A veces la vida te regala seres con los que hablar el mismo idioma .
¿Y cómo fue? ¿Cómo explicar la simplicidad del momento?
.
ENCUENTROS
—¿Podemos sentarnos?, pregunté con cierta suspicacia al ver
que aquella terraza estaba a tope y tú sentada en una mesa de cuatro tan sola y a gusto. En realidad pensaba que
sería una buena forma de echarte.
—Sí, sí, sin problema. Hay tanta gente… —expusiste invitándonos a acompañarte.
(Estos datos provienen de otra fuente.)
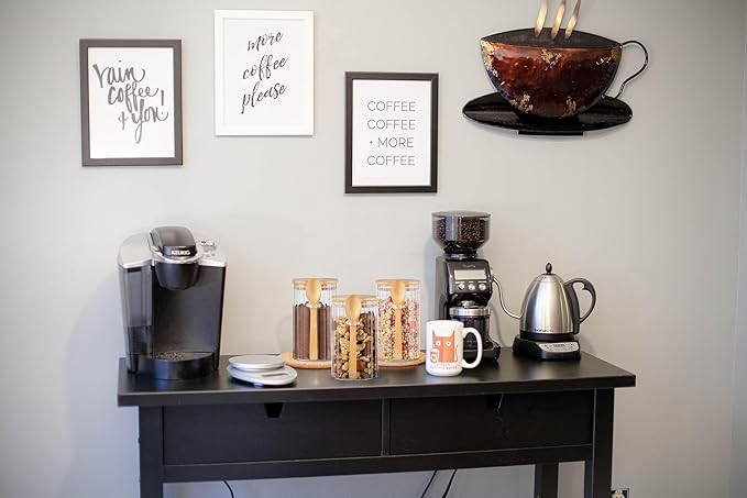 • Classy Kitchen Canisters: Clear lines design coffee jar adds a vintage & modern accent decor. It is not only a practical glass jar set, also a nice decorative Jar, ideal for Home Kitchen, Counter Top, Coffee Bar, Bakery Store, Restaurant, Hotel, to keep your kitchen organization and be your charming & useful overnight oats jars.

—Pues ya somos tres. Gracias, contestamos.
No nos conocíamos de nada. Y sin embargo nos sentamos y
comenzamos a hablar de la vida como si fuéramos amigas de siempre, de los novios, de los amantes, de los viajes, de la familia y, sobre todo, de nuestros sueños. Como
confidentes anónimos. Creo que eso es lo que hizo que nos desahogáramos. Total,
nunca nos volveríamos a encontrar. Estábamos quebradas. Sí. Las tres. Cada una
por lo nuestro. Ningún detalle al respecto, pero portábamos en la mochila cosas gordas: un cáncer, una madre
soltera con dos hijas y ex marido ludópata que la dejó
en la más inmensa de las ruinas. Pero esos temas nunca salieron a relucir. Ni falta que hizo.
Eran
aproximadamente las dos de la tarde de un domingo de otoño del año
2016, tal vez finales de octubre. Sonreíamos en la plaza de Lavapiés, en
una terraza, tomando cervezas y aceitunas con patatas fritas de bolsa, bajo un
sol que nos acariciaba el pelo. Y, por momentos, parecíamos
tan felices y normales como el resto de la humanidad.
Hay encuentros interesantes en la vida. Atraparlos, guardarlos y cuidarlos para siempre con la alegría de volver a revivirlos, esa es la cuestión. Siempre hay espacios, distancias más bien, que no nos permiten compartir nuestro tiempo con los seres que amamos. Y siempre hay excusas... también. Pero por muchas que sean no sirven para romper esos lazos rojos que por alguna extraña razón una vez quedaron unidos por el destino.